GPT-4-0314 51.9% 51.5% 88.3% 24.1% 27.9% 56.7% 35.0% 85.6% 50.0% 63.1% 70.0%
GPT-4-0613 50.8% 50.3% 87.6% 24.6% 27.5% 47.1% 28.5% 85.6% 49.9% 59.9% 71.5%
ERNIE-Bot-0615 48.4% 57.1% 45.0% 17.0% 25.6% 33.5% 30.8% 84.9% 53.0% 60.0% 72.7%
ERNIE-Bot-turbo-0725 39.2% 42.5% 28.8% 14.6% 15.6% 23.2% 25.0% 85.1% 45.3% 47.0% 61.8%
GPT-3.5-turbo-0301 35.8% 33.9% 75.4% 15.2% 15.9% 16.9% 21.4% 36.3% 42.3% 58.4% 62.1%

Evaluation Methods

Openai API

  1. Get the Output of GPT-4.

    cd ./Bench
    
    ## Get the Output of Objective Questions
    python objective_bench.py --openai_api_key="your openai api key"
    
    ## Get the Output of Subjective Questions
    python subjective_bench.py --openai_api_key="your openai api key"
    
  2. Calculate the Scoring Rate of Objective Questions

    • Place the JSON file output by the GPT-4 model in the ./Results/gpt_4_obj folder.

    • Execute the following instructions to obtain the score rate for objective questions. The results are stored in the ./Results/gpt_4_obj/results/correction_score.json file.

    python OBJ_score_evaluation.py --obj_output_dir=../Results/gpt_4_obj
    
  3. Calculate the GPT-4 Model's Subjective Question Scoring Rate

    Due to the high cost of manual grading, we have provided LLM-as-a-Judge scripts that utilizes GPT-4-turbo to score the model's subjective questions.

    • Place the JSON file output by the GPT-4 model in the ./Results/gpt_4_sub folder.

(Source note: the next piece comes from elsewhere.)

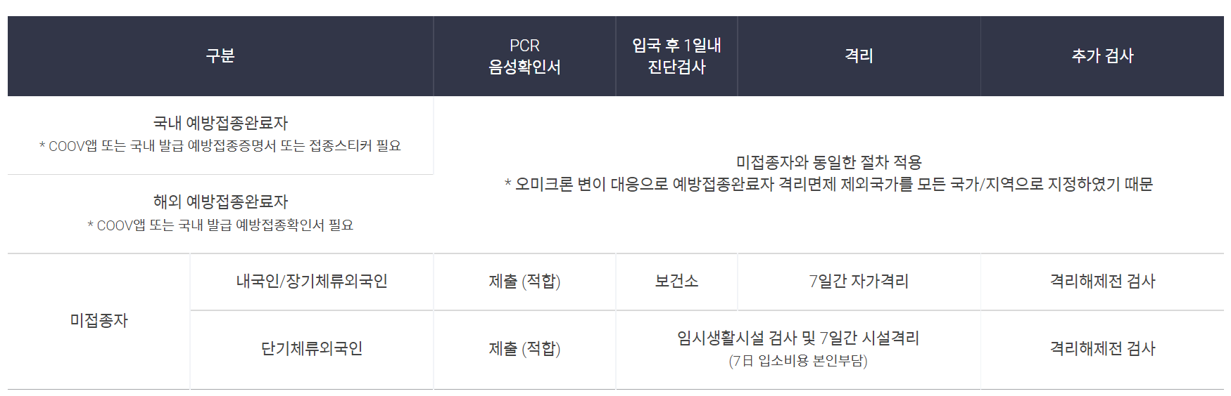 ▸ 백신 접종완료자 입국 전 72시간 내 PCR 음성확인서 제출 시 격리의무 없음

    • Execute the following command to obtain GPT-4's scoring for subjective questions, with results stored in the ./Results/gpt_4_sub/gpt-4-1106-preview_correction_wo_marking_criterion directory.

    python subjective_grade.py --openai_api_key="your openai api key"
    
    • Execute the following command to obtain the scoring rate for subjective questions, with results stored in the ./Results/gpt_4_sub/gpt-4-1106-preview_correction_wo_marking_criterion/result/model_score.json file.
    python SUB_score_evaluation.py --sub_output_dir=../Results/gpt_4_sub/gpt-4-1106-preview_correction_wo_marking_criterion --mode=model
    
    1. Calculate the GPT-4 Model's Converted Total Score

      Execute the following command to obtain GPT-4's converted total score, with results saved in ./Results/merge_score.json.

      python merge_OBJ_SUB_score.py
      

Other Models

You can encapsulate other models as APIs and store them in ./Models, with the encapsulation method referable to ./Models/openai_gpt4.py.

Citation

@inproceedings{Zhang2023EvaluatingTP,
  title={Evaluating the Performance of Large Language Models on GAOKAO Benchmark},
  author={Xiaotian Zhang and Chunyang Li and Yi Zong and Zhengyu Ying and Liang He and Xipeng Qiu},
  year={2023}
}

Acknowledge

Here we would like to thank the teachers of Cao Yang No. 2 High School, who are responsible for scoring GAOKAO-Bench subjective questions.